The role playing did not end there, as participants were asked to perform a series of tests, part of a learning disability simulation.

The simulation was sponsored by "Parents Helping Parents," a Santa Clara-based organization that offers support and services for children with special needs and their families. Corelis facilitated the event.

"You are going to be experiencing distraction, confusion, and pressure," Corelis said. "All of these things are typical to what the student who is learning different faces every day."

The two-hour simulation is divided into three parts: a five-minute introduction, a six-part simulation, and a debriefing.

Participants join small groups and attend a "class" at each station, designed to focus on particular learning difficulties. Classes are held by moderators or "teachers" who guide participants through the exercises.
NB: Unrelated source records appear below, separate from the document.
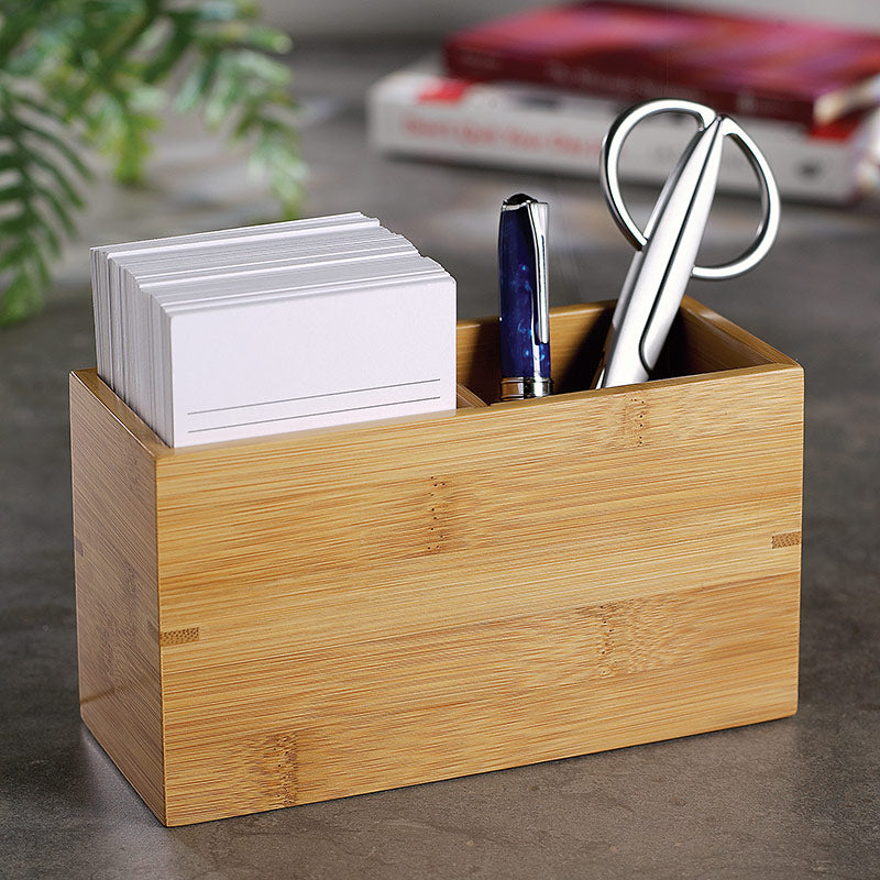 Horizontal note card box that transforms into pen cups—and includes 300 cards. If you've ever seen how magic works, you know it's always done with a mere sleight of hand or simple illusory technique. Our Nantucket Note Card Box is a simple open horizontal box of solid bamboo, specially built for index cards, and it can transform into two vertical pen cups—just by adding a tiny partition in the middle.
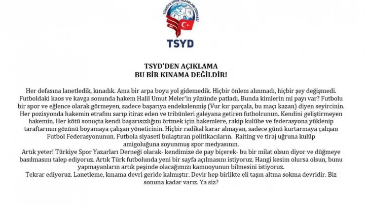 Ankaragücü-Çaykur Rizespor maçının ardından hakem Halil Umut Meler'e yapılan fiziksel saldırı sonrası Türkiye Spor Yazarları Derneği (TSYD) kınama mesajı yayımladı.
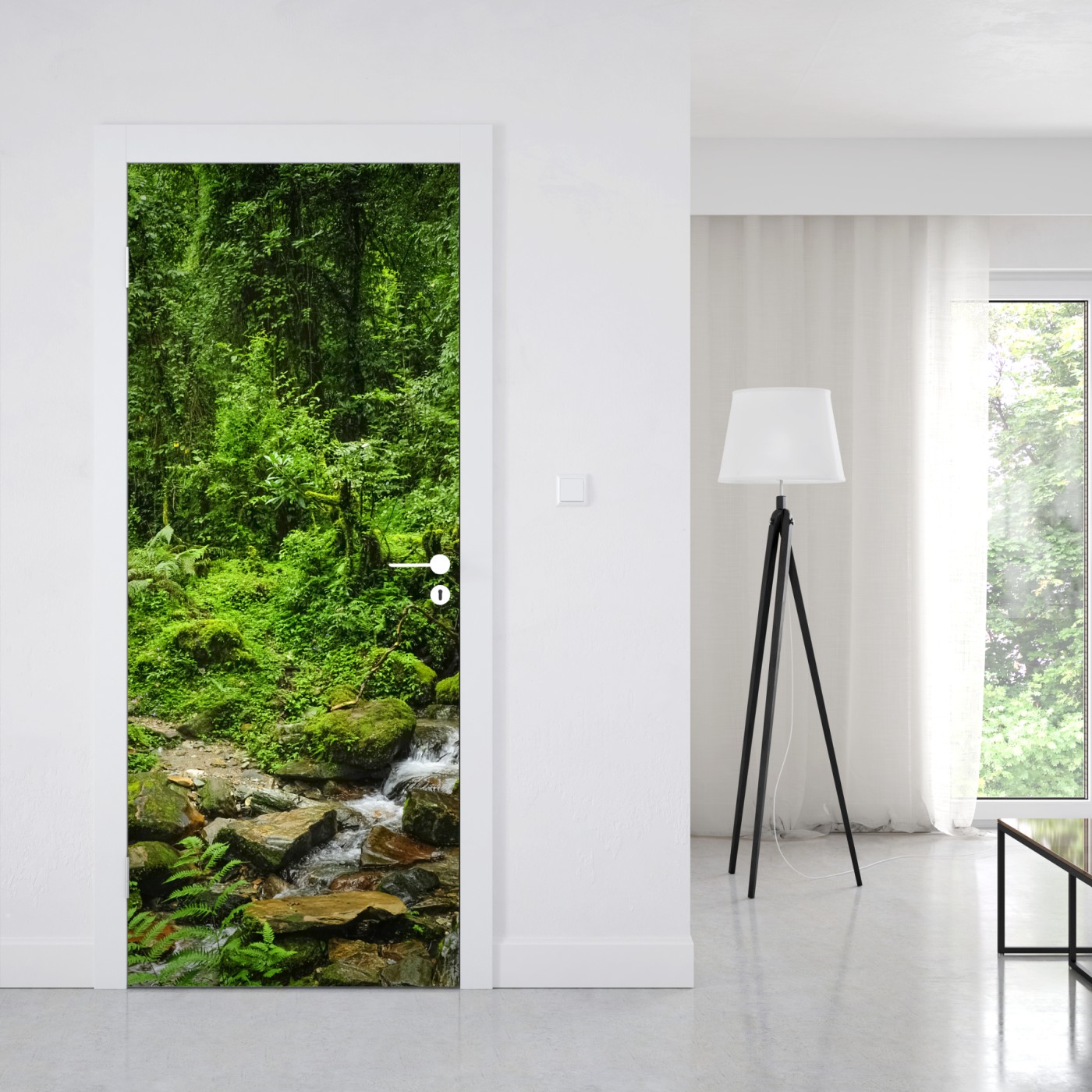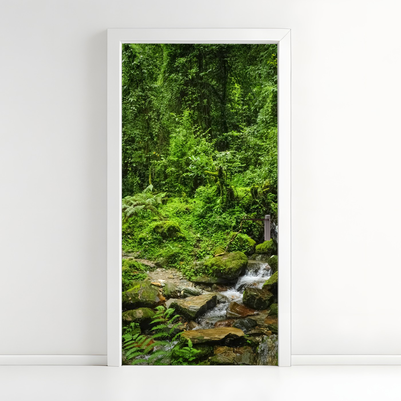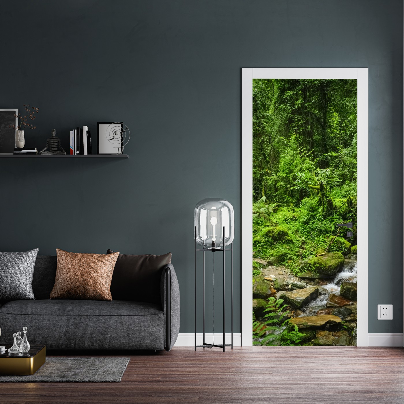 Naklejka na drzwi Bujny zielony leśny wodospad
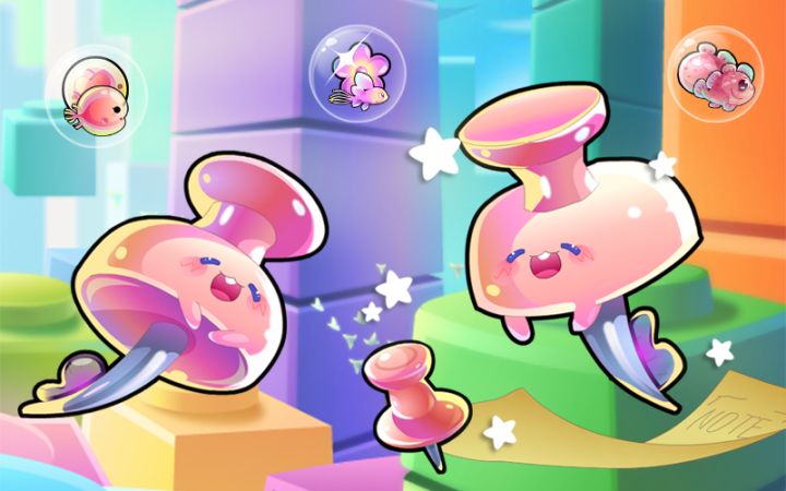 限时融合的文具系列更新啦!收集图中所需的粉色系宝石,来融合一只活泼可爱的粉色小图钉叭!~
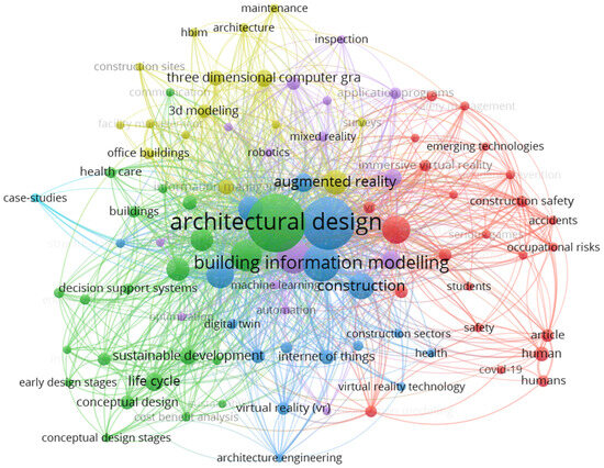 A total of 268 research documents were identified through a quantitative literature analysis. To better understand the relationships and trends within the data, a network map was created by inputting bibliographic information into the VOS viewer tool [53,54,55]. These data were formatted as a comma-separated value file, allowing for an analysis of how frequently keywords from the abstracts appeared together. The purpose of this approach was to identify larger patterns, themes, and clusters of interconnected concepts across the literature. The results of the co-occurrence network analysis, presented in Figure 4, revealed a notable finding. There were no significant connections between the central concept of the BIM and other related topics, such as conceptual architectural design, decision support systems, VR, or healthcare. This lack of strong connections suggests that there is a gap in the research exploring the intersections of BIM with these other domains. The findings highlight areas in need of further investigation, particularly where multiple concepts could be integrated for more interdisciplinary research and innovation.
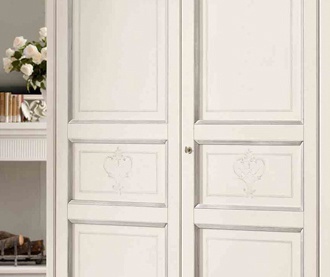 Wardrobe from Rinascimento the Italian manufacturer Benedetti. The frame is made of tamborito. The doors are hinged. The model is decorated with inlay. A great choice for the interior in classic style. Product color white.
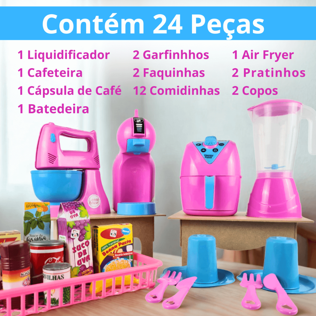 Kit Cozinha Infantil 25pcs Brinquedo Eletrodomésticos Comidinhas Acessórios
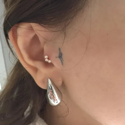 18K Solid Gold Lab Grown Diamond Trio Bezel Piercing – Screw Back Stud for Tragus & Cartilage
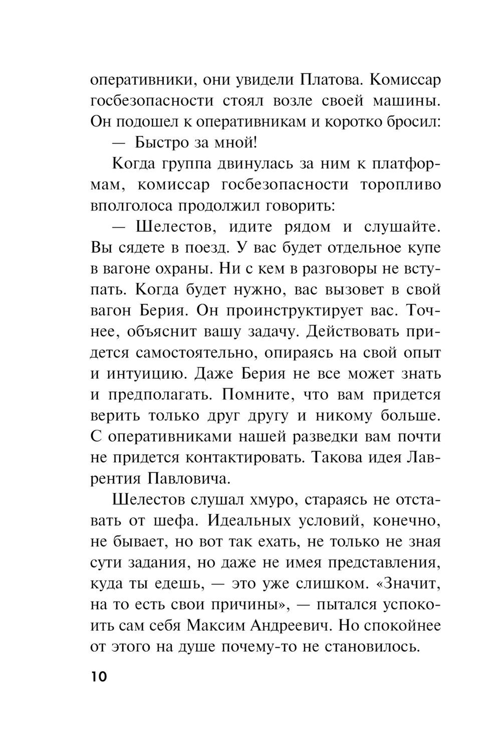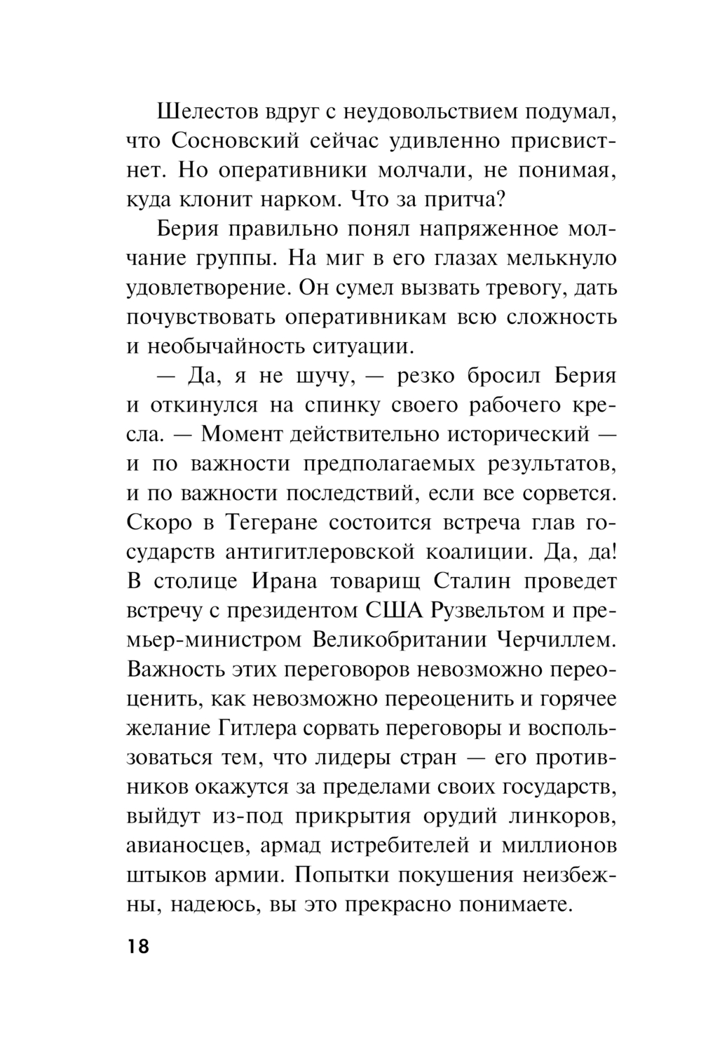 Осень 1943 года. В Тегеране готовится конференция глав государств-союзников. У советских спецслужб есть серьезные опасения, что немецкая агентура может сорвать высокую встречу. Группе майора Максима Шелестова поручено обеспечить безопасность нашей делегации. В Тегеране оперативники узнают, что незадолго до их прибытия в здание американского посольства проник неизвестный, после чего была взорвана машина начальника охраны дипмиссии США. Похоже, диверсанты готовы к самым смелым атакам. Шелестов разрабатывает ответный план, еще не догадываясь, какой необычный противник противостоит ему в этой схватке...

For example, the "spelling test" is designed to simulate hearing loss or auditory hearing problems. Participants are asked to take a spelling test while getting their spelling words from a muffled and garbled audio tape.

"They do have a difficult time even with just the easy things we take for granted," said parent Janie Pollano, who has a daughter with a learning disability. "I think all of these exercises were valid. I could not do any of them."

The "mirror writing" exercise simulated problems with visual or motor tasks. Participants had to try and trace shapes, and write numbers and letters while looking at their writing hand through a mirror.

"It was hard to get your hand to go the opposite way. I couldn't get my hand to do what I wanted it to," said parent Julian Cervantes.

After an 90 minutes of participating in their fourth-grade learning disabled environment, parents and teachers were ready to call it a school day. After everyone had participated in each exercise and had a chance to talk about their feelings after each simulation, it was time for the group to meet and discuss their feelings as a whole.

Corelis asked people to give one-word answers as to how they felt during the simulation, which he then wrote on a white board. Words like frustration, tired, embarrassed, hopeless, stressed and unintelligent, made the list.

"You came into this room as parents and teachers, hopefully with a very high self-image," Corelis said. "After putting you through the stations, you can see how self-image can drop over the years out of these kids."

He said students with learning disabilities sometimes cannot help acting out or engaging in habits like fidgeting or being easily distracted.

It is important for parents and teachers to recognize the different learning needs of children and to accommodate them, Corelis said.